Never tried it but probably will once I begin traveling. Seems safe, a nice accompaniment/alternative to hitchhiking.


----------



## DisgustinDustin

It works well.. Especially on the west coast. Or maybe northeast idk


----------



## DisgustinDustin

** take a pic of the tag and car and possible and send it to some one who cares.. Also, remember.. Ppl are gonna be just as sketched by you as you are them..


----------



## TheUndeadPhoenix

DisgustinDustin said:


> ** take a pic of the tag and car and possible and send it to some one who cares.. Also, remember.. Ppl are gonna be just as sketched by you as you are them..


This is true lol. I have a cell, but not a fuckin camera on it. I'll just text the plate


----------



## 1544c

i was attempting to get our of LA and i contacted three different people going my way, all of them flaked out.
"hey i need a ride out of LA"
"yeah i can give you a ride FOR SURE dude, i'll call you when i'm heading your way. i'll pick you up FOR SURE!!"
several hours go by and no one ever calls me and no one ever picks up the phone when i try to call.
i finally got a ride from some dude that ended up trying to sell me a swiss bank account to turn my money into gold...


----------



## Sonny

Be careful and dont rely on it 100% I had a guy taking me out of NY tonight and he just told me I never contacted him so he gave away my seat.


----------



## Deleted member 20

i have been using rideshare among other cl sections for years for all parts of my life buying,selling,free shit, jobs, apartments & I am on cl every day for a few hours posting & searching when i can where ever i am(first thing once i roll into an area). The trick to craigslist is communicating promptly,honestly & efficiently(cell phone is best but having it link to an email helps since every now & then myself or others will screw up a digit in the phone #). I gave a kid a ride to nyc from boston about tens years ago supposebly forgas/toll contribution only to get to nyc for him to say he was broke. Asshole move since we would have gave him a ride with or without the contribution, but if he was honest everyone could have left the interaction with a good feeling.

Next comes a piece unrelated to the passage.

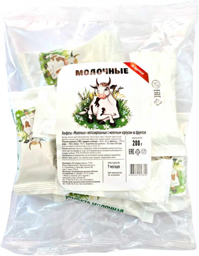 Диадар Конфеты неглазированные на фруктозе «Молочные»

We were driving to Panama city beach Fla & were low on funds too & went out of way to pick & drop him.


----------



## JonnyDrainpipe

I haven't posted looking for a ride, but have used it many times to get somewhere that is posted which is (I feel) more reliable. Haven't had a problem, met a lot of cool people. Can be hit or miss though...


----------



## ScumYum

I got all the way up to NYC from Charlotte, NC for free with rideshare. I just posted that me and my friend were stuck and we needed to get the fuck out of dodge. Got a ride to Baltimore the day after I posted it, got dropped off in the hood and stayed in Baltimore for two days and did it again, the second ride took us all the way there. Definitely recommend cl rideshare.


----------